▸ Exercise description: As output, give the exact lines from the one containing "Cognoはプロンプト不要で" through the end of the listing below, both included, without the pictures.
■ ■ ■ ■
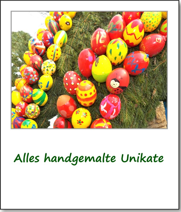 Ein paar Eindrücke des Parkbrunnens haben wir allerdings wieder festgehalten. In diesem Jahr wurden – als kleiner Sonnenersatz – deutlich mehr gelbe Eier gesteckt, sodass der Osterbrunnen schon von weitem strahlte. Ein nette Kontrast gegen die grau-weißen Schneehaufen drumherum.
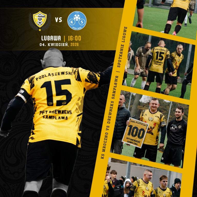 16:00 PFT Drewneks Sampława – KS Unia Susz – ul. Józefa Wybickiego 12, boisko ze sztuczną nawierzchnią w Suszu
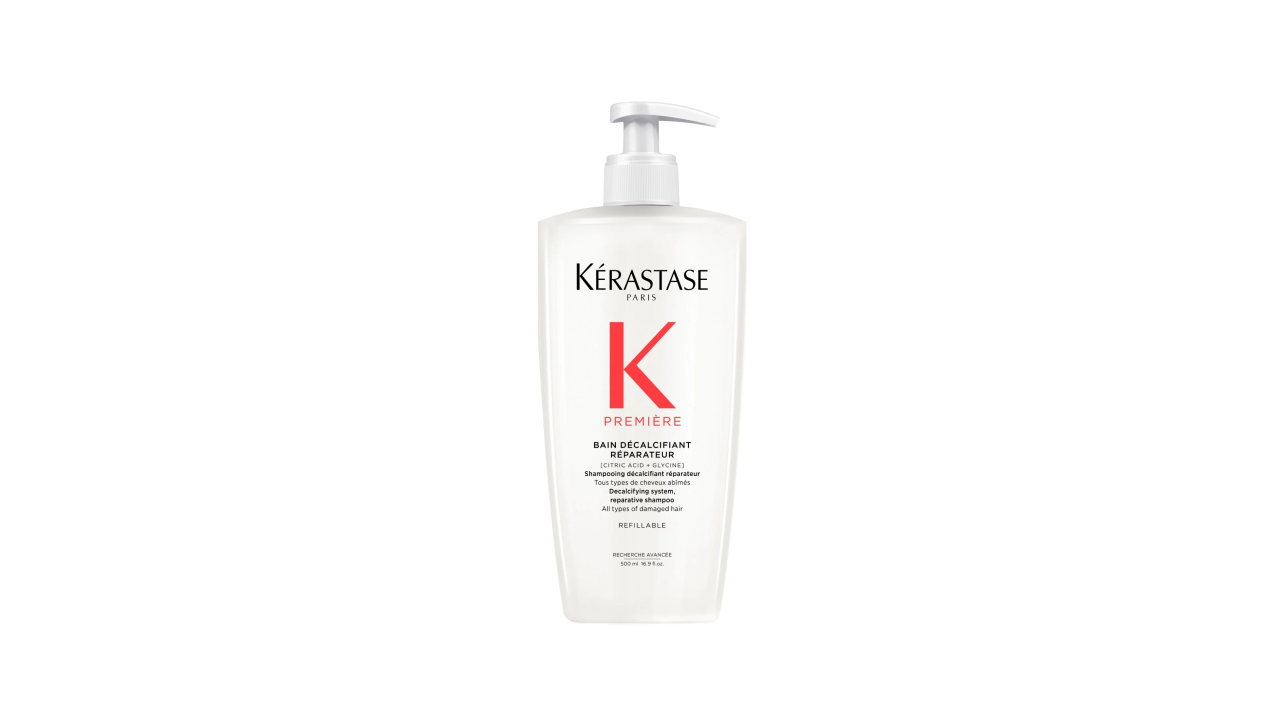 Kérastase Première Bain Décalcifiant Réparateur is a decalcifying, repairing shampoo for all damaged or over-processed hair. This sulfate-free formula gently removes calcium buildup from hard water, strengthens hair from within, and reduces breakage. Its creamy texture transforms into a rich foam, restoring smoothness, shine, and bounce while repairing keratin links. For best results, layer with Kérastase Concentré Décalcifiant Ultra-Réparateur or use with other Première range treatments like Masque Filler Réparateur.
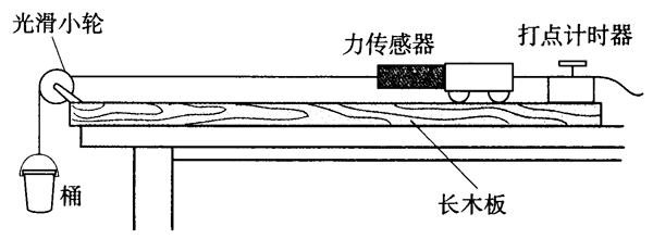 在探究加速度与力、质量的关系中,要准确测量施加在物体上的力,可以在物体(小车)上固定一个力传感器,如图 4–2 所示。通过力传感器可以准确记录细线上的拉力,不用再考虑桶的质量要远远小于小车的质量。
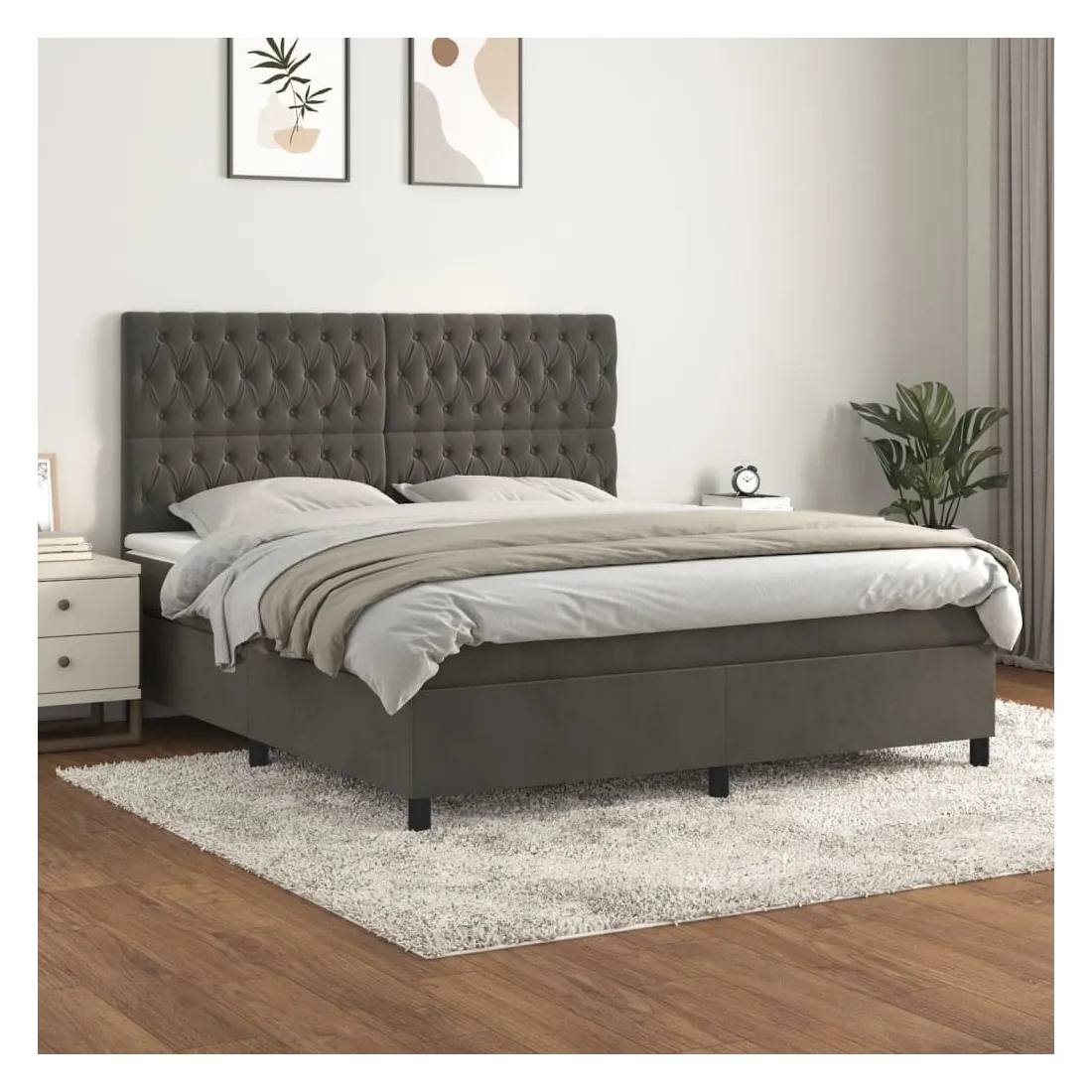 Utilisez ce lit à sommier pour profiter d'une nuit de sommeil réparatrice ! Il vous offre une relaxation maximale et un sommeil agréable. Velours doux : le velours est un tissu doux et luxueux qui se reconnaît à son tas dense de fibres uniformément coupées qui ont une touche lisse. Le tissu en velours présente un toucher doux distinctif, ce qui le rend confortable au toucher.Tête de lit pratique : la tête de lit est réglable en hauteur selon vos préférences. La tête de lit vous offre un excellent soutien du dos lorsque vous êtes assis dans votre lit pour lire ou regarder la télévision.Matelas à ressorts ensachés : le ressort ensaché individuel intégré est connu pour sa très haute qualité tout en assurant un haut niveau de durabilité et d'adaptabilité. Il peut absorber efficacement le bruit et les chocs causés par les sauts et les rotations.Support moyen-dur : ce matelas de lit offre une stabilité accrue et juste le niveau de fermeté sans sacrifier le confort. Il est donc idéal pour les personnes qui dorment sur le dos ou sur le ventre.Protège-matelas doux pour la peau : le protège-matelas est recouvert d'un tissu résistant et doux pour la peau, ce qui le rend souple et confortable. Remarque :Pour des raisons d'hygiène, le matelas ne peut pas être retourné si l'emballage est retiré ou ouvert.Chaque produit est livré avec un manuel de montage dans la boîte pour un montage facile.
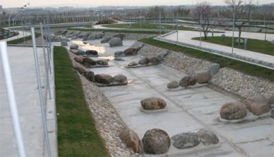 Tras la charla hemos podido visitar las obras. Éste es el estado actual del canal de aguas bravas -por ahora sólo con escasos charcos bien tranquilos-
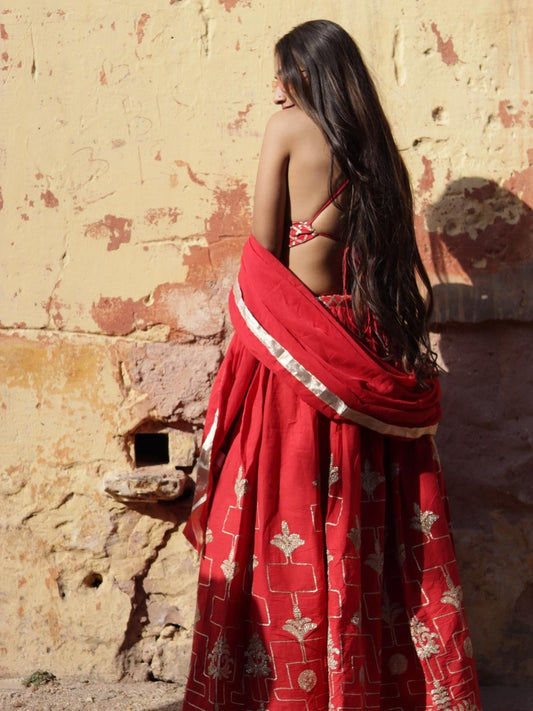 Red Gotta Embroidery Blouse , Dupptta and Lehanga - KJ0676
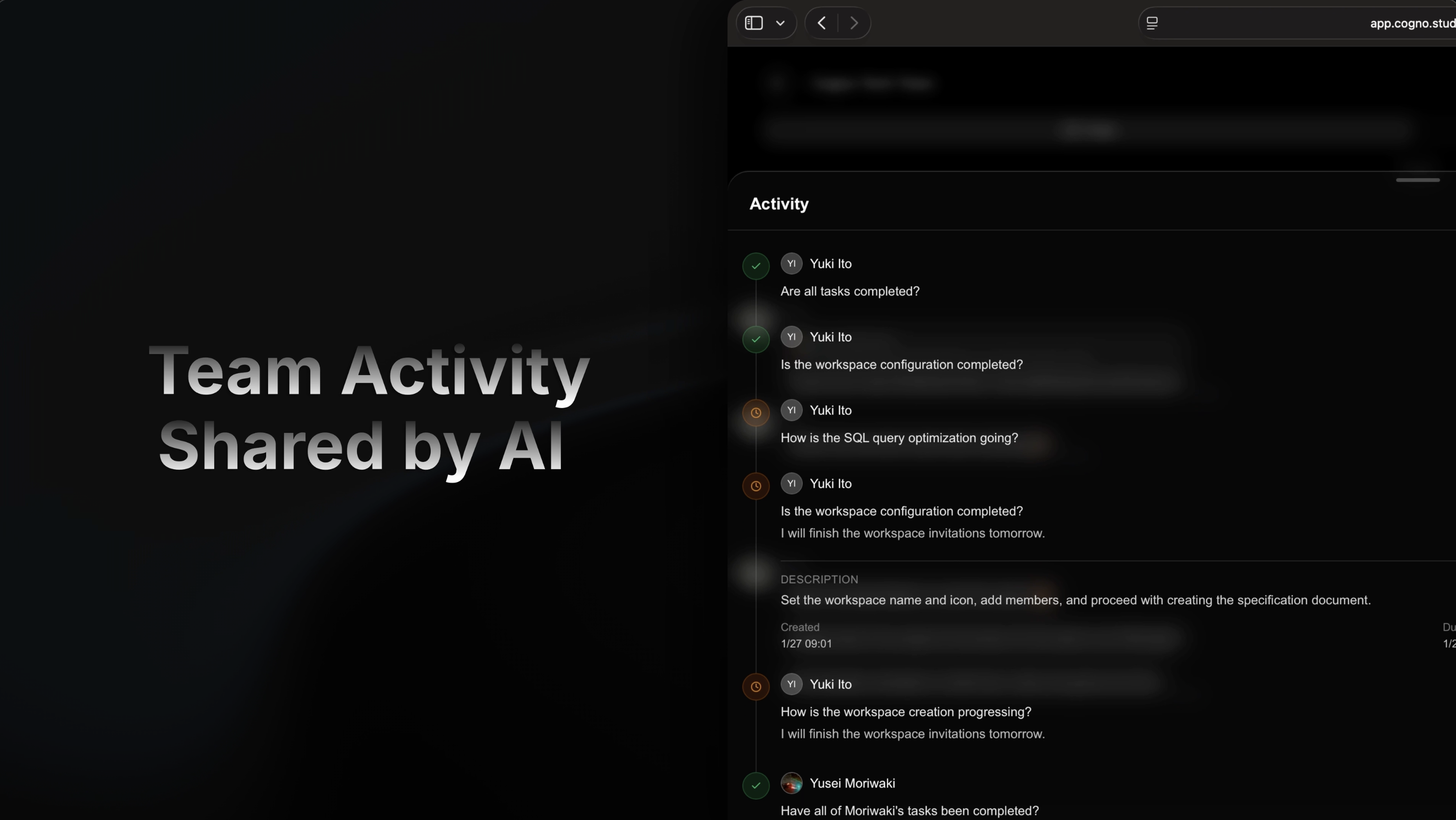 Cognoはプロンプト不要で自律的に動作するAIワークスペース。AIが通知・進捗管理・完了タスクの提供を担い、チーム全体の進捗を一目で把握できる。人間の介入を前提とせず、AIが先に行動する世界を目指す。今後はカレンダーやGitHub、メモ、医療データ等と連携し、仕事と生活の多くの場面で出発点をAIに委ねる。
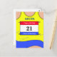 Tarjeta postal de chaleco amarillo personalizable para deseos de cumpleaños, buena suerte o simplemente para registrar un tiempo logrado en un evento o encuentro de atletismo o carrera.
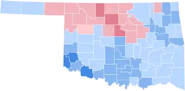 | Oklahoma | 6,963 | 51.30% | 5,706 | 42.04% | 822 | 6.06% | 83 | 0.61% | 1,257 | 9.26% | 13,574 |
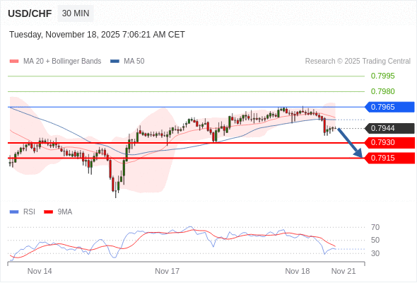 在 0.7965 之下,看跌,目标价位为 0.7930 ,然后为 0.7915 。
■ ■ ■ ■
▸ Response area:
 Cognoはプロンプト不要で自律的に動作するAIワークスペース。AIが通知・進捗管理・完了タスクの提供を担い、チーム全体の進捗を一目で把握できる。人間の介入を前提とせず、AIが先に行動する世界を目指す。今後はカレンダーやGitHub、メモ、医療データ等と連携し、仕事と生活の多くの場面で出発点をAIに委ねる。
 Tarjeta postal de chaleco amarillo personalizable para deseos de cumpleaños, buena suerte o simplemente para registrar un tiempo logrado en un evento o encuentro de atletismo o carrera.
 | Oklahoma | 6,963 | 51.30% | 5,706 | 42.04% | 822 | 6.06% | 83 | 0.61% | 1,257 | 9.26% | 13,574 |
 在 0.7965 之下,看跌,目标价位为 0.7930 ,然后为 0.7915 。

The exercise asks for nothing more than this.